Write out each record below exactly, but not the pictures.

======== Information supplied ========

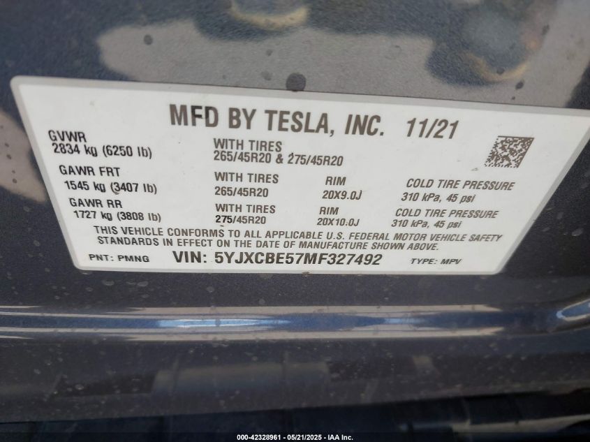 2021 TESLA MODEL X | 5YJXCBE57MF327492
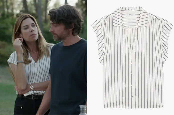 On ne vous avait pas encore parlé de la blouse à rayures que porte parfois Cécile Alphand (Marie-Gaëlle Cals) dans Un si grand soleil. On la retrouve dans l’épisode 977. Elle est en viscose, avec des manches courtes et larges, en biais à revers.
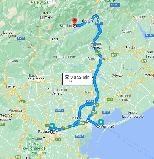 Dag 10: We laten Camping Olympia achter ons en rijden richting Cinque Torri (5 torens). De gidsen waarschuwden ons om op tijd te vertrekken omwille van de beperkte parkeerplaatsen, maar op zich viel dit goed mee (September). Met de stoeltjeslift ga je in no time tot boven (best wat frisser daar!). Boven is een restaurant (heel lekker!) en een openluchtmuseum over de eerste wereldoorlog (en in tussentijd wandel je rond die 5 torens). Na de Dolomieten, stopte EsteVan in Sedico om niet meer verder te geraken en gooiden we de plannen omver. De beschrijving hieronder is onze trip (met verwijzing naar hoe het ‘origineel’ zou moeten gegaan zijn.
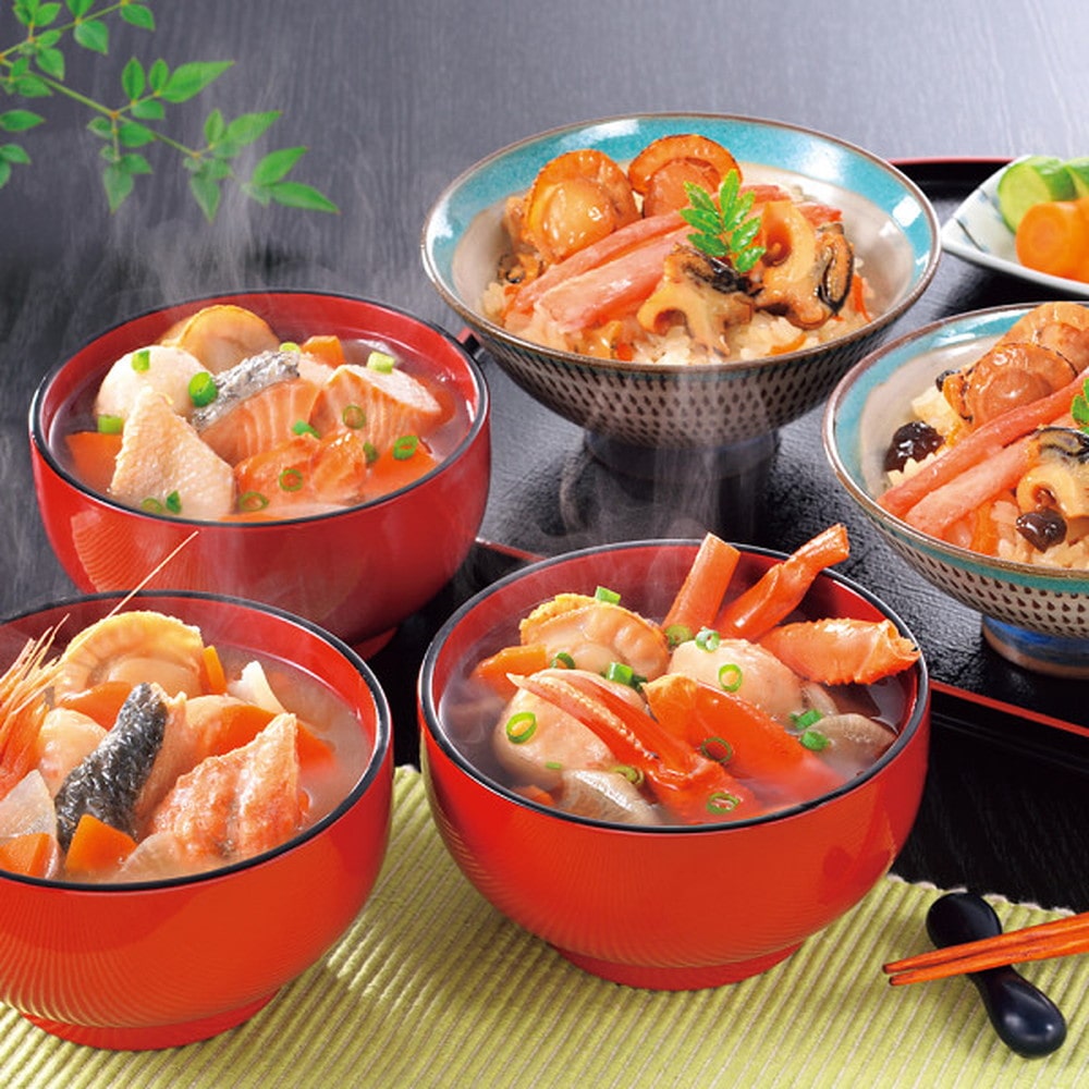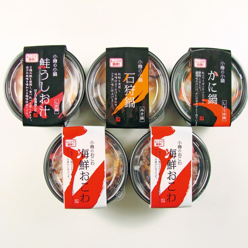 ●海鮮おこわ170g×2、石狩鍋280g・かに鍋280g・鮭うしお汁280g×各1(北海道小樽製造)
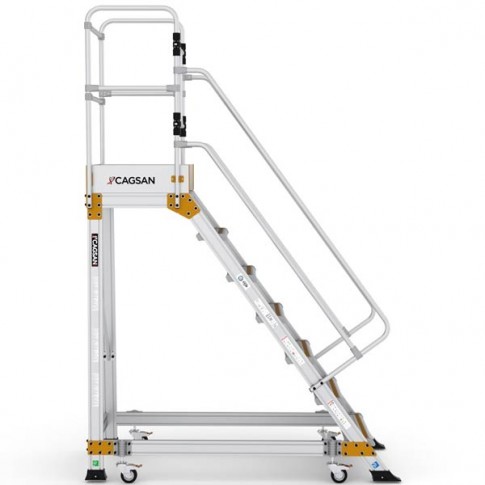 Les plates-formes industrielles en aluminium SPRINGO ont un système de freinage à ressort qui garantit une utilisation sûre en immobilisant la plateforme lorsque l'usager monte dessus. Lorsqu'il descend de la plateforme, il peut déplacer le produit facilement grâce à ses roues.

========

**Your solution:**
 2021 TESLA MODEL X | 5YJXCBE57MF327492
 On ne vous avait pas encore parlé de la blouse à rayures que porte parfois Cécile Alphand (Marie-Gaëlle Cals) dans Un si grand soleil. On la retrouve dans l’épisode 977. Elle est en viscose, avec des manches courtes et larges, en biais à revers.
 Dag 10: We laten Camping Olympia achter ons en rijden richting Cinque Torri (5 torens). De gidsen waarschuwden ons om op tijd te vertrekken omwille van de beperkte parkeerplaatsen, maar op zich viel dit goed mee (September). Met de stoeltjeslift ga je in no time tot boven (best wat frisser daar!). Boven is een restaurant (heel lekker!) en een openluchtmuseum over de eerste wereldoorlog (en in tussentijd wandel je rond die 5 torens). Na de Dolomieten, stopte EsteVan in Sedico om niet meer verder te geraken en gooiden we de plannen omver. De beschrijving hieronder is onze trip (met verwijzing naar hoe het ‘origineel’ zou moeten gegaan zijn.
 ●海鮮おこわ170g×2、石狩鍋280g・かに鍋280g・鮭うしお汁280g×各1(北海道小樽製造)
 Les plates-formes industrielles en aluminium SPRINGO ont un système de freinage à ressort qui garantit une utilisation sûre en immobilisant la plateforme lorsque l'usager monte dessus. Lorsqu'il descend de la plateforme, il peut déplacer le produit facilement grâce à ses roues.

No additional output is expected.